Start by rinsing your bones off very well, then put in a pot of cold water and bring to a boil. When it comes to a boil stir the bones all around and disrupt them slightly to let the scum and bad stuff float to the top and skim it off constantly. Drain the pot and fill it with cold water put on the burner but don't turn it on, rinse the bones again with cold water and pat dry well. Coat the bones in oil and put on a roasting rack, place in a 375 oven. Roast till dark brown but don't burn or it will make the stock bitter. After roasted drain off the oil from them and add the bones to the water and turn on the flame, bring to a boil then simmer. Meanwhile drain the oil from the roasting pan and add 1 large Onion, 1 peeled carrot, and a stalk of celery all rough chopped. Turn the flame on low at first and add a little oil, scrape the bottom of the pan.

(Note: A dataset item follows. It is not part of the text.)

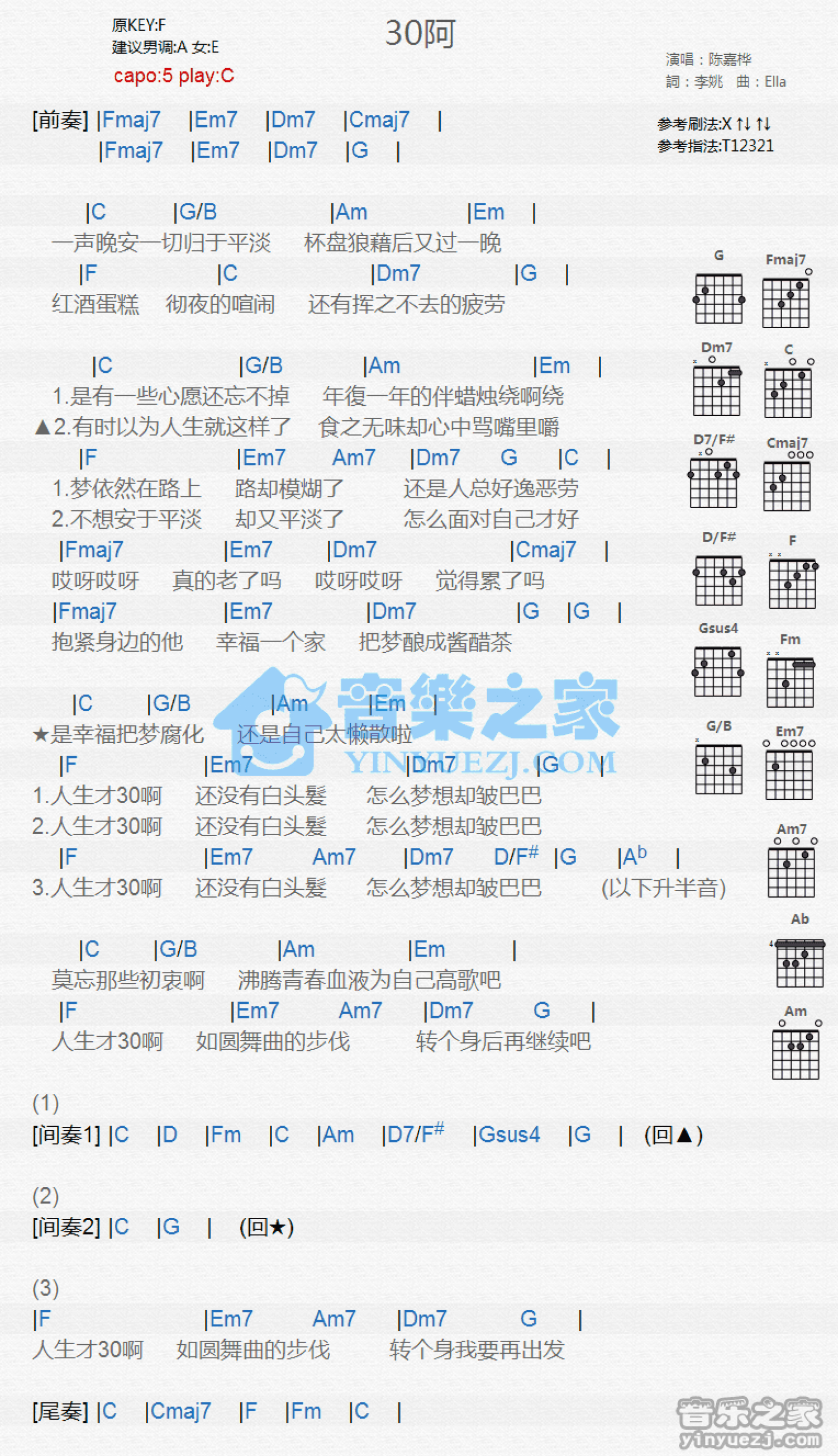 曲谱介绍: C调版陈嘉桦《30啊》吉他和弦弹唱谱

This method is called De-glazing and although I'm sure you have heard of it with just liquids using vegetables creates a natural juice from them that deglazes the pan of the fond(goody brown bits on the bottom of the pan that makes gravy). Cook the vegetables until golden brown and then add 3 tablespoons of tomato paste. Continue cooking mixing the tomato paste in and cook for an additional 5-10 minutes stirring constantly do not let burn. Add water to the pan, just enough to make sure its not going to burn,and add everything to the pot with the bones. Simmer this for 16-20 hours(A crock pot is perfect for this).
Now you have your beautiful strained Veal stock, take half of it and hold aside. Other half reduce by half in a clean pot. Combine 1 cup butter and 1 cup flour in a pot and cook on medium stirring until often until the mixture becomes the color of peanut butter(dark brown but not black). Add a small amount of the veal stock held aside and stir together with the flour-butter mixture(Roux). Add the rest of the held aside veal stock. Add 2 # roasted bones and the same vegetables as before but raw. Add sprigs of thyme and parsley and 10 cloves of garlic. Reduce this by half. You have now made Espagnole sauce 1 of the 5 mother sauces in classic French Sauce making. Combine the strained Espagnole sauce and the reduced Veal stock you now have Demi-Glace. All the hard work will be worth it in the end!
With Demi-Glace you can make 100's of sauces such as-
Blueberry Demi, Sour-Cherry demi, Red Wine Sauce, Sauce Charcuterie, Fines Herbes Sauce, and the list goes on and on. Also with a little more reduction some salt, some chopped thyme and finished with a heaping spoonful of butter stirred into the sauce.